Ma il bello arriva quattro mesi dopo, quando nel secondo articolo, il CEO della casa da gioco riesce a esprimersi con la sicurezza che lo contraddistingue:
“Avendo conseguito un utile importante l’anno scorso – spiega l’amministratore unico Filippo Rolando – siamo riusciti a fare risparmio, a fare cash-flow, e ne abbiamo per le spese di adesso” e quindi incalzato dalle vostre domande “Rolando risponde senza scomporsi che l’azienda è in grado di “scavallare agosto tranquillamente””….

Salvo poi fare cosa, chiudere il bilancio 2020 con 70-80 milioni di perdita?
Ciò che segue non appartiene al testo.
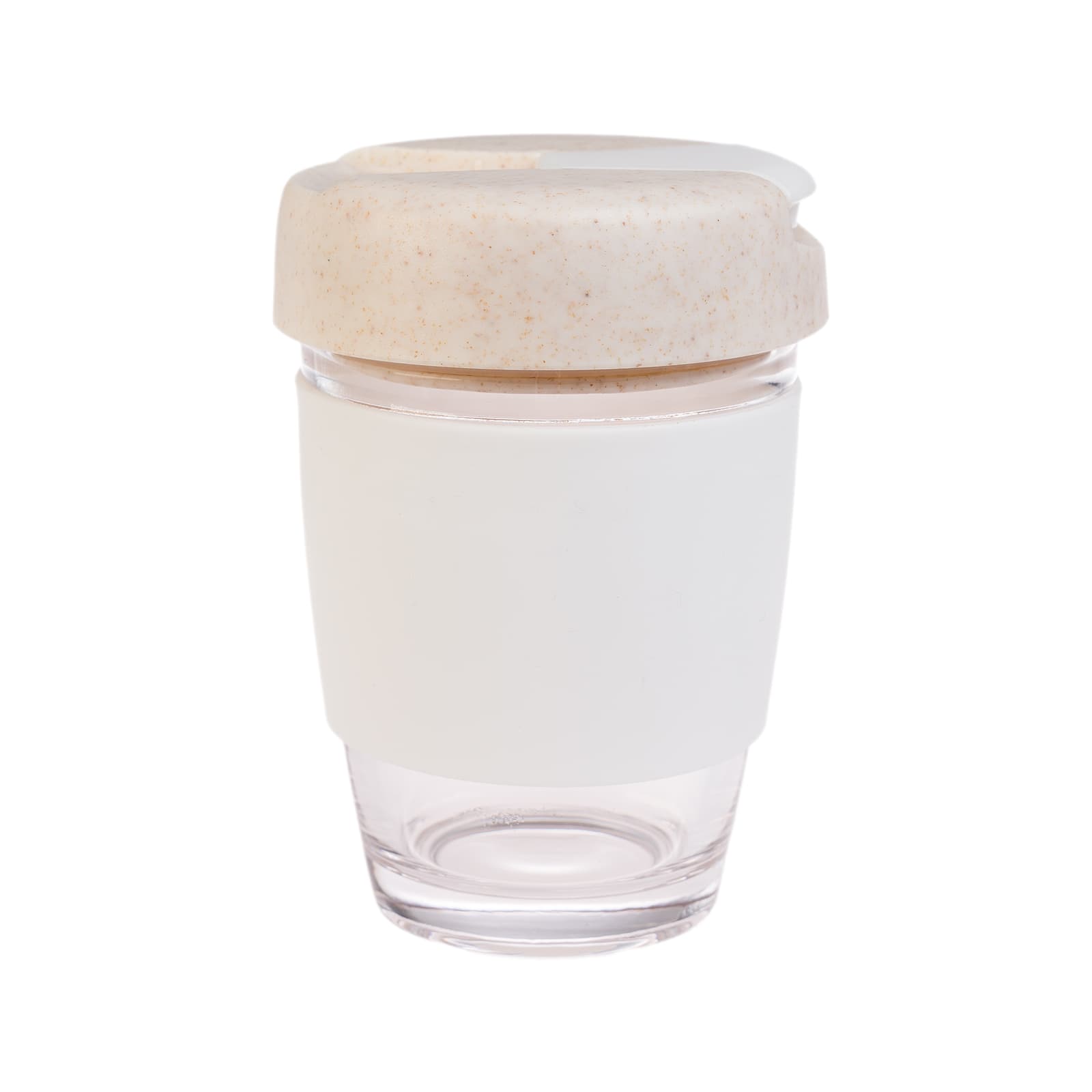 320ml glass reusable coffee cup. With silicone sleeve and eco comfort lid. Lid made from a 50% blend of wheat fibre and polypropylene. Borosilicate glass is known for its durability and thermal shock resistance. Select your choice of silicone sleeve colour. Packed in kraft gift box. For logo longevity hand washing is recommended. Eco Credentials: Reusable, sustainable, printed using renewable energy.

Sempre con un ampio consenso della proprietà che avrà nel COVID-19 la giustificazione di una tale ennesima debacle, mantenendo comunque la certezza invariata sul superamento delle incertezze sulla continuità aziendale.
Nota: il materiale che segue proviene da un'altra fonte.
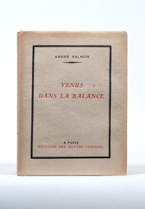 Vénus dans la balance. Paris, Éditions des Quatre Chemins, [1926]. In-8, en feuilles, couverture imprimée, non rogné, chemise et étui modernes. Édition originale. Elle est ornée d'une eau-forte de Julius Pascin sur japon signée par l'artiste. Tirage à 325 exemplaires, celui-ci un des 25 sur japon impérial signés par l'auteur, comportant un quatrain manuscrit, probablement autographe, sur une garde.

Ma è possibile che noi comuni mortali di ingegneria finanziaria non capiamo proprio “niente di niente?”. Che le poche cognizioni di economia che la gestione delle nostre misere aziende ci passino un pensiero fisso che un’azienda, che solo pubblica può essere, possa continuare impunemente ad accumulare perdite impressionanti, per i bilanci della proprietà, senza una seria ristrutturazione aziendale?? Alcune indicazioni erano arrivate, ma si sa, tutt’altro che politiche: dimezzare i dipendenti mantenendo gli altri alla metà degli stipendi. Ma questo non succederà mai, soprattutto in VDA…
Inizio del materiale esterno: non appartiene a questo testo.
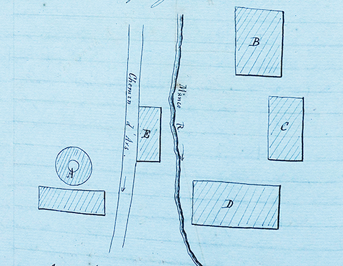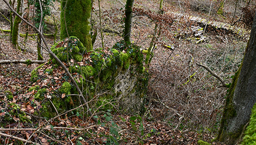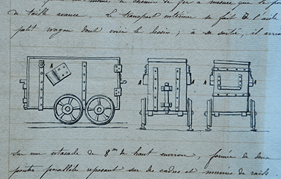 « A sa sortie, il arrive sur une estacade de 8 m de haut environ, formée de deux poutres parallèles reposant sur des cadres et munis de rails. Arrivé à une certaine distance, le wagon peut se bailler facilement et les deux oreilles A (cf schéma ci-dessus) l’empêchent de décrire une circonférence. Le minerai est repris au pied de l’estacade et conduit au moyen de chevaux jusqu’à l’usine située à environ 3 km. On établit en ce moment un petit chemin de fer à chevaux qui diminuera de beaucoup le prix du transport. » « Dans le même vallon, mais sur l’autre colline, une galerie de recherche de 180 m de long (Galerie Pillot) a été ouverte au-dessous du niveau probable de la couche et présente alors une légère inclinaison. Des dépôts isolés de minerai ont été traversés plusieurs fois. A 150 m environ, il y a un ressaut de 6 m. On espère trouver la mine en place à 250 m. On avance en moyenne de 0,75 m par jour (un seul poste de 12h). Il faut comme à la minière principale un boisage complet dont le prix de revient est de 7 francs par mètre courant. »

Forse i cittadini potrebbero avere dei sentori diversi se qualcuno avesse il coraggio di predisporre una seria indagine che facesse loro capire quanti interventi sarebbero stati possibili sul territorio valdostano con gli stessi fondi pubblici che sono stati utilizzati a senso unico per la casa da gioco, tra tutti i contributi, gli investimenti, le acquisizioni, le coperture delle perdite di questi ultimi 20 anni. E stiamo parlando di svariate centinaia di milioni o ben oltre… Chiaro la fisica ci insegna che ogni azione ha una equivalente e contrapposta reazione, in questo caso posti di lavoro ben remunerati sostanzialmente da ridurre, ma ha un senso giustificare occupazione a queste condizioni?? Allora dovremmo tenere in piedi una quantità di situazioni che non hanno più senso di esistere economicamente, salvo poi non avere le finanze, pagati compensi e vitalizi dei politici, per retribuire gli uscieri di palazzo…

Chissà cosa ci riserverà il futuro, COVID-19 a parte…

Un affezionato imprenditore valdostano.